▶ _Instructions to follow_:
Once the pictures have been set aside, copy every remaining entry exactly.

▶ _Dataset excerpts_:

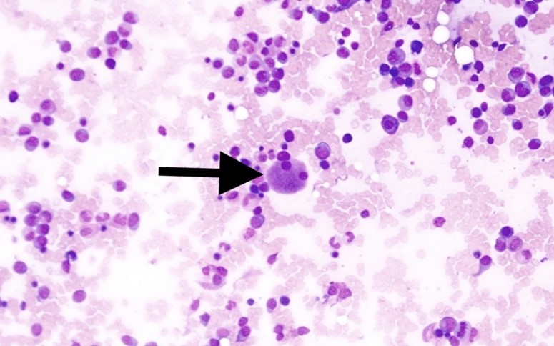 An asymptomatic female in her seventieth decade of life was referred to the hematologist because of pancytopenia, which was incidentally detected. Her medical history is remarkable for hyperlipidemia, essential hypertension, and atopic dermatitis. The patient does not drink alcohol. She was never submitted to chemotherapy or radiotherapy before. Her blood workup showed the hemoglobin of 7.8 g/dL (RR= 12.0 - 15.0 g/dL), white blood cells count of 4 K/uL (RR= 4.5 - 11.5 K/uL), platelets count of 109 K/uL (RR= 150 - 400 K/uL), elevated serum immunoglobulin-G level of 2,564 mg/dL (RR= 768 - 1,632 mg/dL), decreased serum Kappa/Lambda free light chain ratio of 0.22 (RR= 0.26 - 1.65), and mildly elevated serum creatinine of 1.15 mg/dL (RR= 0.50 - 1.10 mg/dL). Serum protein electrophoresis was remarkable for lambda-restricted monoclonal protein (IgG) of 1.8 g/dL. Urine protein electrophoresis, serum calcium, vitamin-B12, thyroid, hepatic function tests, and iron profiles were normal. No lytic lesions were identified on the skeletal survey.
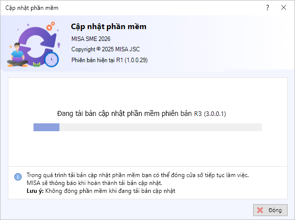 Lưu ý: Trong quá trình tải bản cập nhật, có thể đóng cửa sổ cập nhật phần mềm để tiếp tục làm việc bình thường (không được đóng phần mềm).
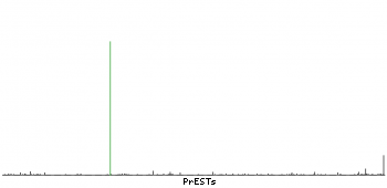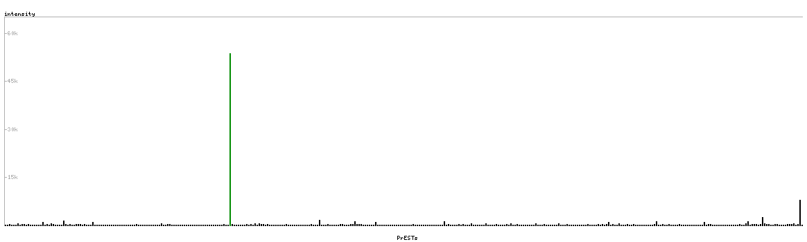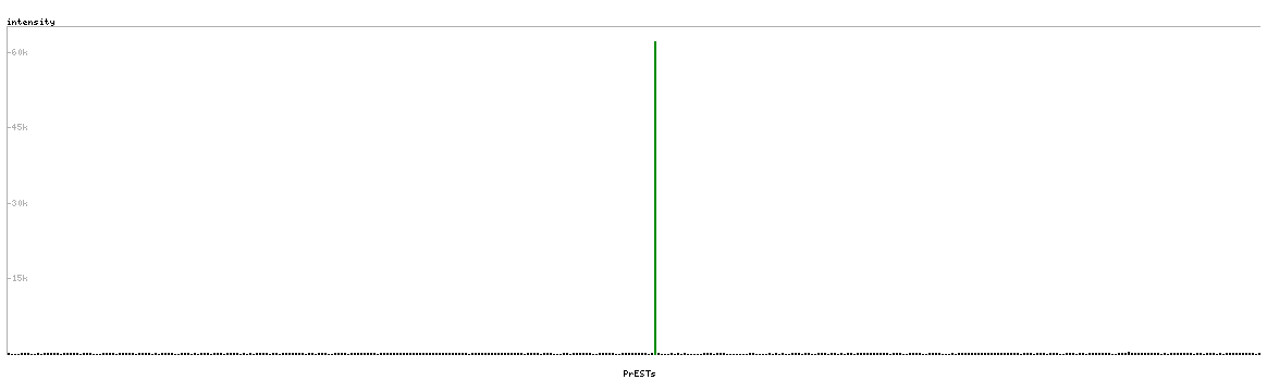 At the top of the view, the position of the antigen (identified by the corresponding HPA identifier) is shown as a green bar. A yellow triangle on the bar indicates a <100% sequence identity to the protein target.
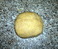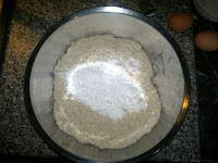 Mix in a bowl the flours with the baking powder. Cut the cold butter in little cubes and using your fingers’ tip mix it to the flour, until you have a bread-crumbs like mix.
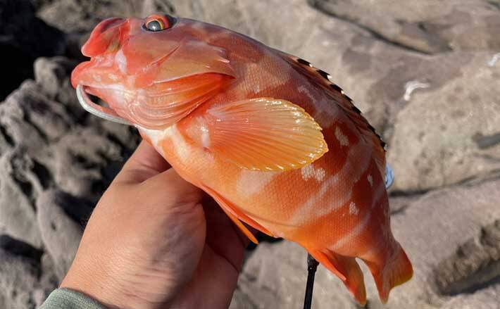 アカハタ狙いに切りかえるも反応が遠のいた。よりタイトに根の起伏に合わせてリグを操作すると何度かあたりがあり、ようやく小型のアカハタを追加できた。その後カサゴを数匹キャッチし、納竿とした。

▶ _Problem solution_:
 An asymptomatic female in her seventieth decade of life was referred to the hematologist because of pancytopenia, which was incidentally detected. Her medical history is remarkable for hyperlipidemia, essential hypertension, and atopic dermatitis. The patient does not drink alcohol. She was never submitted to chemotherapy or radiotherapy before. Her blood workup showed the hemoglobin of 7.8 g/dL (RR= 12.0 - 15.0 g/dL), white blood cells count of 4 K/uL (RR= 4.5 - 11.5 K/uL), platelets count of 109 K/uL (RR= 150 - 400 K/uL), elevated serum immunoglobulin-G level of 2,564 mg/dL (RR= 768 - 1,632 mg/dL), decreased serum Kappa/Lambda free light chain ratio of 0.22 (RR= 0.26 - 1.65), and mildly elevated serum creatinine of 1.15 mg/dL (RR= 0.50 - 1.10 mg/dL). Serum protein electrophoresis was remarkable for lambda-restricted monoclonal protein (IgG) of 1.8 g/dL. Urine protein electrophoresis, serum calcium, vitamin-B12, thyroid, hepatic function tests, and iron profiles were normal. No lytic lesions were identified on the skeletal survey.
 Lưu ý: Trong quá trình tải bản cập nhật, có thể đóng cửa sổ cập nhật phần mềm để tiếp tục làm việc bình thường (không được đóng phần mềm).
 At the top of the view, the position of the antigen (identified by the corresponding HPA identifier) is shown as a green bar. A yellow triangle on the bar indicates a <100% sequence identity to the protein target.
 Mix in a bowl the flours with the baking powder. Cut the cold butter in little cubes and using your fingers’ tip mix it to the flour, until you have a bread-crumbs like mix.
 アカハタ狙いに切りかえるも反応が遠のいた。よりタイトに根の起伏に合わせてリグを操作すると何度かあたりがあり、ようやく小型のアカハタを追加できた。その後カサゴを数匹キャッチし、納竿とした。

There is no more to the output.